When PG&E was contacted by the SFBT about offshoring jobs to Mumbai, company spokesman Brian Hertzog stated: “The focus is really on doing the right thing for our customers and the right thing for the business over the long term. That’s what this is about, and it’s what drove the decision.”

Hertzog added that the replacements are currently in the US on H-1B work visas to learn IT jobs, phase out older applications, and then transfer the tasks to workers in India. Although Hertzog stated that the roles of the terminated employees would have been phased out anyway, he acknowledged that PG&E’s IT group would contract for 100 H-1B Visa holders to do work the company calls more strategically focused and of higher value, reported Breitbart.

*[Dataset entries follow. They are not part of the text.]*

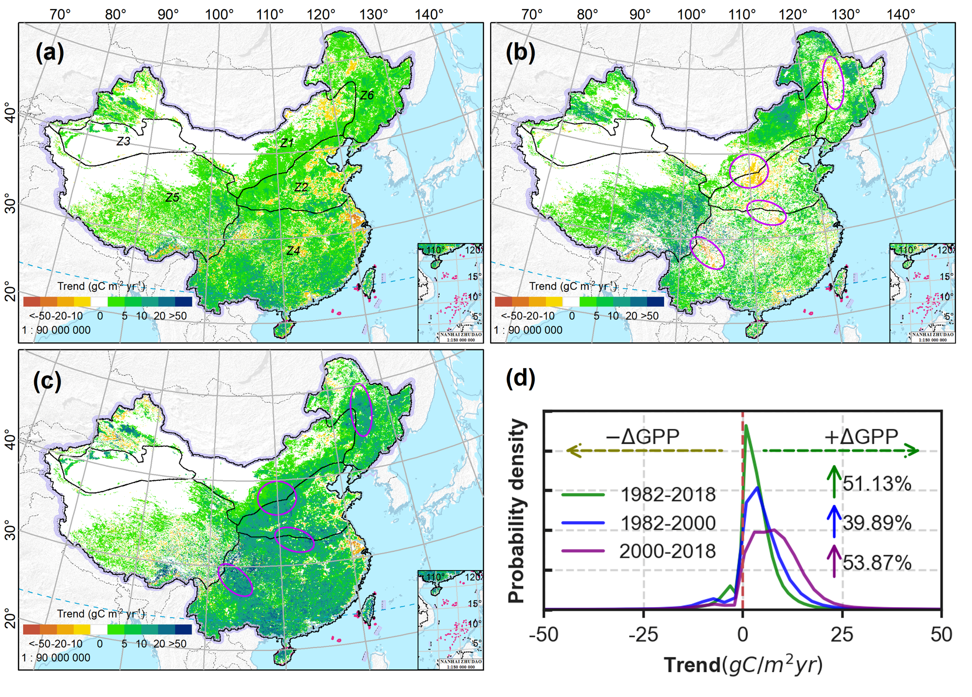 针对这一问题,本研究基于多源数据集探讨了植被总初级生产力对CO2浓度、气候变化和人为土地利用变化等多种因子的复杂响应。研究发现,在近四十年里,中国植被总初级生产力显著增强(图1)。然而,植被生产力对环境变化的响应已经从单因子主导(CO2施肥效应)时期向多个交互因子共同决定时期转变(图2),史无前例的工业化、城市化以及人为土地利用变化等对生态系统的共同影响导致了这种转变。该研究明确了这种转变在中国的区域分异及其关键制约因素。基于自然的解决方案被认为是缓解气候变化最为成熟的途径之一,该发现强调了在基于自然的解决方案中考虑综合视角和区域差异的必要性,对中国2060年碳中和目标实现具有重要意义。该研究近期以“Saturation response of enhanced vegetation productivity attributes to intricate interactions”为题发表于全球变化和生态学的国际顶级期刊Global Change Biology (IF: 13.211)。
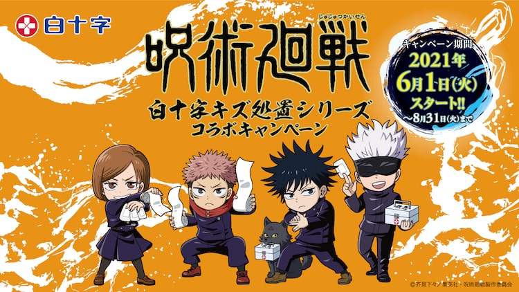 芥見下々原作によるTVアニメ「呪術廻戦」と、白十字「キズ処置シリーズ」によるコラボキャンペーンが、6月1日から8月31日まで実施される。
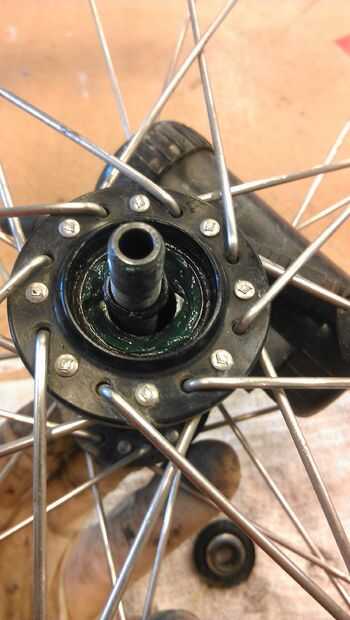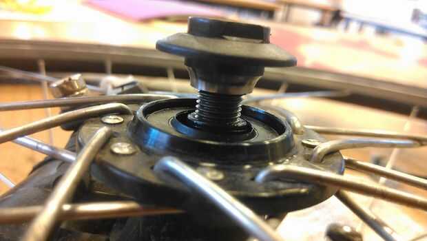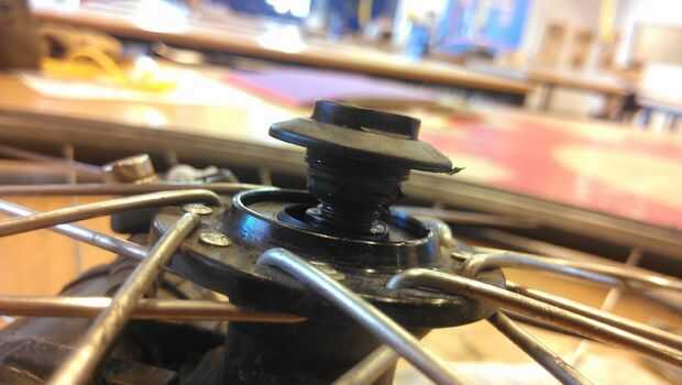 Hilo cono en allí y poner grasa en él. Lo apriete a mano hacia abajo hasta que se detenga, después de regreso de un cuarto de vuelta. Ahora estamos en la parte más dura!

Paul Almeida, president of the AFL-CIO’s Department for Professional Employees, told the Chronicle: “It’s knowledge transfer.” He complained, “They’re just transferring the knowledge of the business to these foreign countries through these outsourcing firms.”

Earlier, Southern California Edison made a similar move in 2015 by outsourcing 500 American jobs by using H-1B visa workers. Last year, in September, the University of California announced its San Francisco campus would dump 17 percent of its IT employees by February 2017 and replace them with contract H-1B visa holders from India. The cuts were aimed at eliminating 67 permanent employee positions — complete with generous pensions — as well as 20 American contract workers, reported Breitbart.

On the flip side, PG&E have come under criticism for passing on higher costs to their consumers. The Sacramento Bee reported a 13% increase in natural gas rates that took effect in August, but consumers didn’t feel the pinch until December, when residents turned up their thermostats in the face of a particularly cold and wet season. Electricity rates were raised three times in the past year. Combined, electricity and gas rates for PG&E customers are an average of 21 percent higher than they were a year ago, said utility spokesman Donald Cutler.

It remains to be seen if PG&E will pass on the savings from outsourcing the 72 IT jobs to India to their customers, or not.